On Wednesday, the weather being fine, we got in the car and drove to Love Creek. Love Creek is a large nature preserve about 30 miles away in neighboring Cass County. Because it’s so far, we’ve only been there a few times. Our last trip dated back 4 or 5 years.
Why go at all? Love Creek is special because it’s so big. The patches of flowers are big, the blooms of the flowers are big, the trees are big. The landscape is rugged, with the creek winding around through it in deep gullies. Trillium grows in open fields on its slopes. It was here, many years ago, that we first saw the woodland poppy and blue-eyed Mary.
We worried we might be too late for the ephemerals. Woodland flowers finish blooming as the trees leaf out, and locations inland are often “further ahead” of the lakefront, a microclimate with cooler and wetter weather. The leaves overhead were just beginning to form a dreamy green veil.
As it turned out, we were just in time to see the last of “the big show.” In the ravines, various trillium, wild phlox, and wild geranium were blooming.
The swamp marigolds were in flower where the ground was muddy.
We even saw a special kind of trillium (the low-growing toadshade) we’d never seen before.
Just as we were turning back to head for the car, we saw several woodland poppies blooming. Their large yellow flowers gleam in the shade, above the distinctive felt-like foliage common to every poppy.
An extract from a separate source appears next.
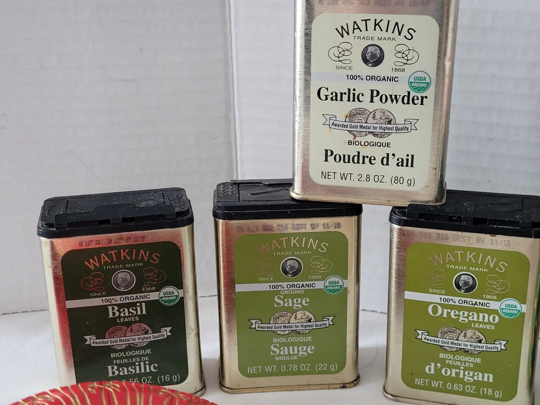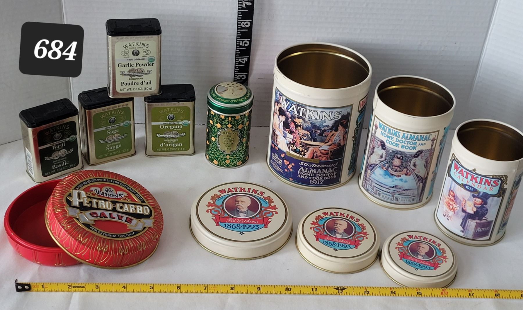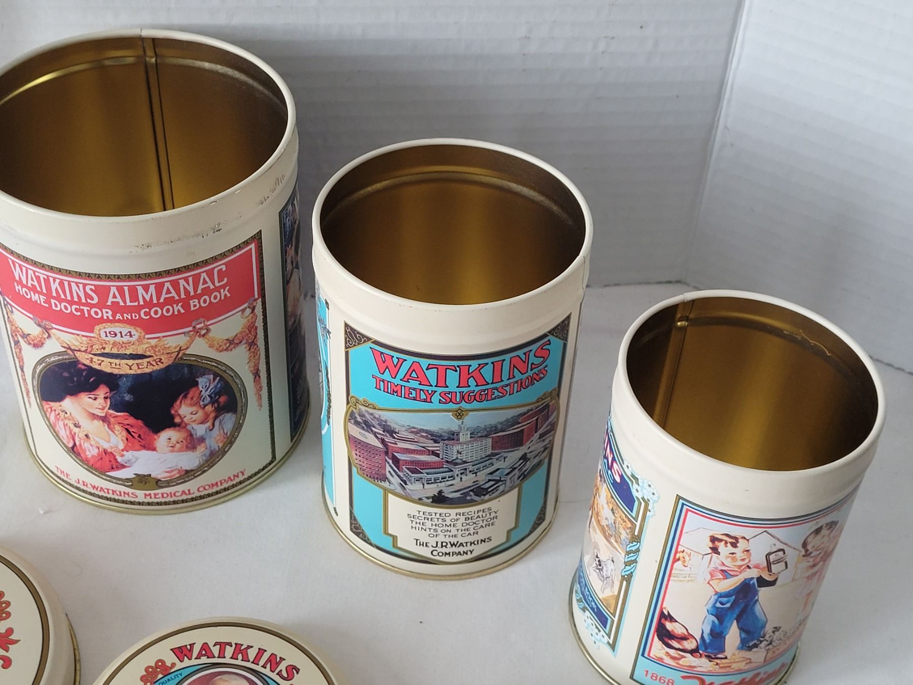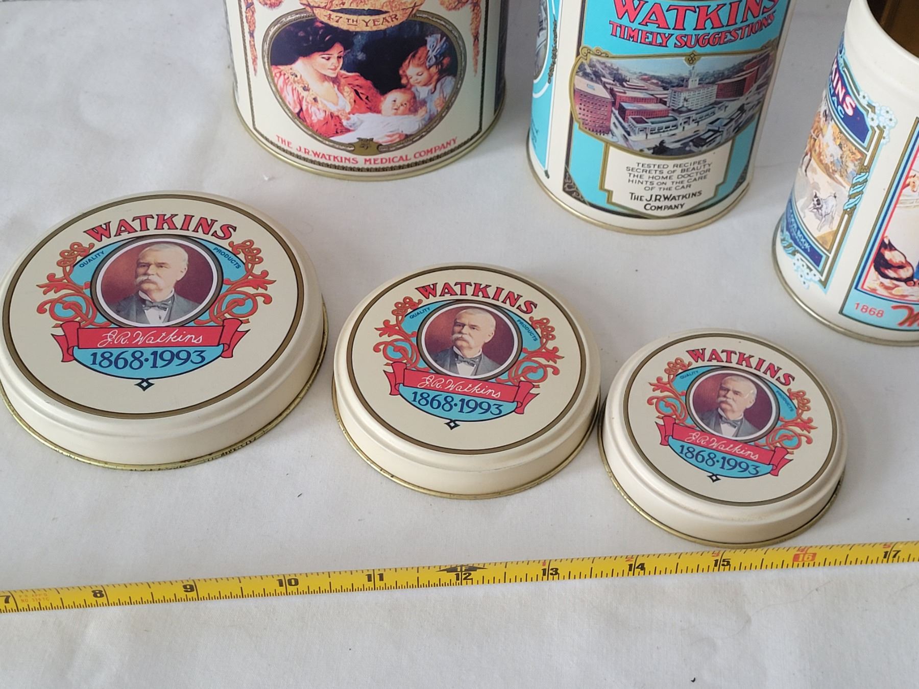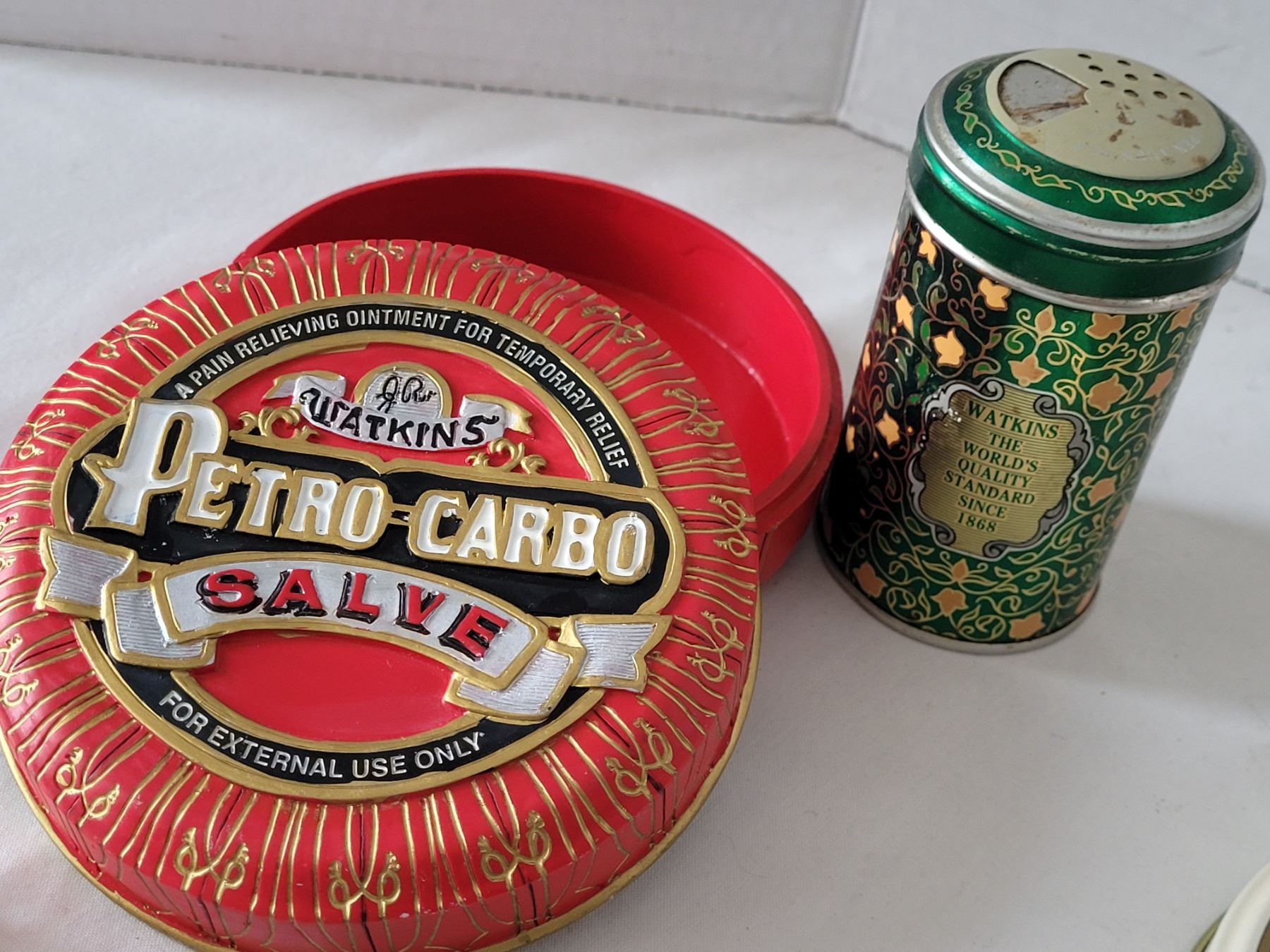 Watkins metal spice containers, 3 piece canister set & 135th anniversary salve container.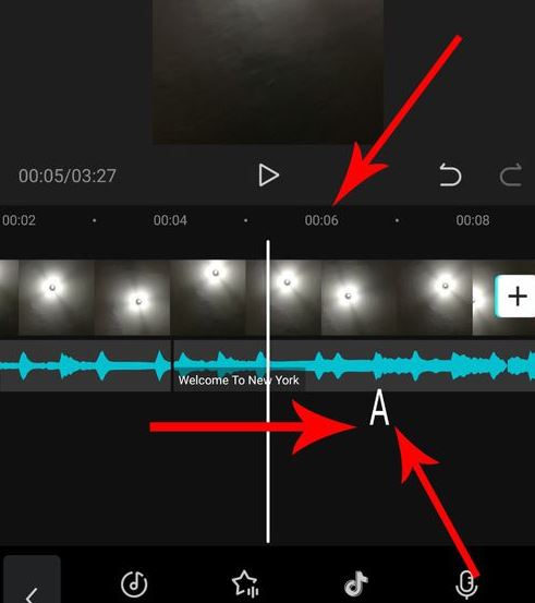 接下来做个设置:目的想要让音乐卡点位置A与视频的第6秒位置重合。为了达到此目的,首先按住整个编辑区向右拖动,然后点击“第二段音乐素材”。

We also saw a beautiful green insect on the path. I thought it was the infamous emerald ash borer, the Asian beetle that’s eaten to death hundreds of millions of American trees, but an expert informed me that it was a harmless native, the six-spotted tiger beetle. A happy ending.
Celia
Mr. C says
What a lovely and special place Love Creek is! The woodland poppy is quite rare, and it was a stroke of luck to sight it, right at the end of the walk. What a wonderful experience!